St. Ignatius Hospital: abandoned but not forgotten
3 min read
St. Ignatius Hospital is a former manor hospital located in Colfax, Washington, United States, established in 1892 by the Sisters of Providence from Montreal, a religious institute of Roman Catholic sisters founded in 1843 by Mother Émilie Gamelin (beatified in 2001 by Pope John Paul II).
The Hospital, the first to serve Whitman County, operated from 1893-1964 and during its early years, nurses treated patients in a wooden building on-site, as construction of the hospital wasn’t complete until 1894. Historically, the first patient was a pneumonia case, and in the first month, ten patients were admitted. Three were released and seven remained. The first death was recorded in June of 1893, when F.E. Martin, a railroad employee, was crushed between railroad cars and, It seems, he is just one of the ghosts known to wander the halls still today.
The five-floor building only relied on donations and payments from patients rather than government assistance, and this eventually created a financial struggle, leading to its closing.
It was in operation until 1964, when it was shut down after the opening of Whitman Community Hospital.
The property served as an assisted living home which housed developmentally disabled adults in the bottom floors until 2000, and three years later the building was officially shut down and abandoned.
In 2015, the building was added to the Most Endangered Properties list and It’s supposedly now a very haunted location with the ghosts of former patients reclaiming the halls. On the same year, it was opened for public tours that, according to a 2017 report, earned over $30,000 in only two years.
Today legends and rumors run about the strange and unusual occurrences that happen in St. Ignatius Hospital over the years. Shadows, sightings, unexplainable sounds, people being kicked and touched and voices. A faint and eerie dripping echoes through the abandoned building, the walls are peeling and covered with graffiti, and the scents of mildew fill the air. Every window and door is boarded up and nailed shut to keep out squatters and amateur ghost hunters. Thousands of people have died here, and even though there are no more guided tours because it is officially closed, the old hospital has become a magnet for ghost enthusiasts and paranormal researchers with people who have come from as far as New York and Alaska only to explore its corridors.
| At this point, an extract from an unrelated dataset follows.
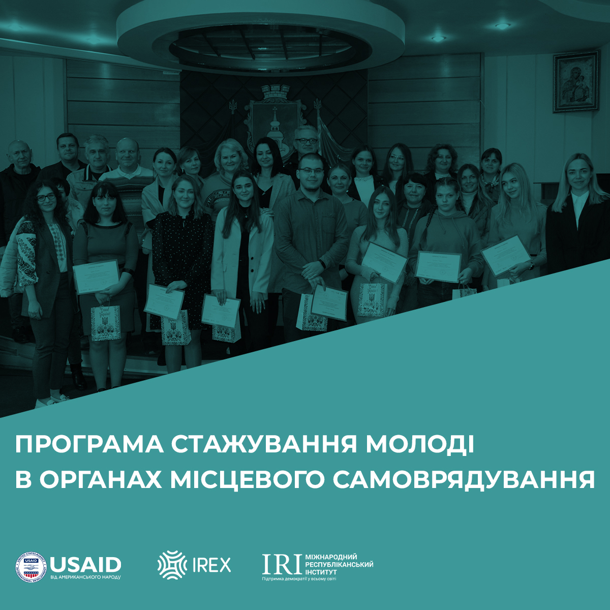 Програма реалізовувалася за підтримки Міжнародного республіканського інституту і передбачала двомісячне стажування в одному із структурних підрозділів органу місцевого стажування та проходження онлайн-тренінгів. Мета програми - популяризувати державну службу серед молоді та залучити молоді таланти до місцевих органів самоврядування. МРІ планує випустити посібник, який стане покроковою інструкцією для органів місцевого самоврядування у впровадженні програми стажування молоді.

St. Ignatius Hospital has been the stuff of urban legend for years and many of the rooms in the hospital are named after patients who lived there: Rose’s Room, The Children’s Room or Dave’s Room while a first-floor hallway is nicknamed “left is dead”. In the hospital’s early days, patients who entered the emergency department were taken to the right if they were treatable, and to the left if they were gravely sick or injured and in fact an elevator descends from the room to the left directly to the morgue.
The building has five floors, plus a basement. The first floor was the emergency department, second was the obstetrics wing, third was infectious disease, fourth was surgery and X-ray and the fifth was where the Sisters of Providence and nurses lived.
All that remains now are the spirits of the past.
I’m not a photographer. I’m so sorry for photos.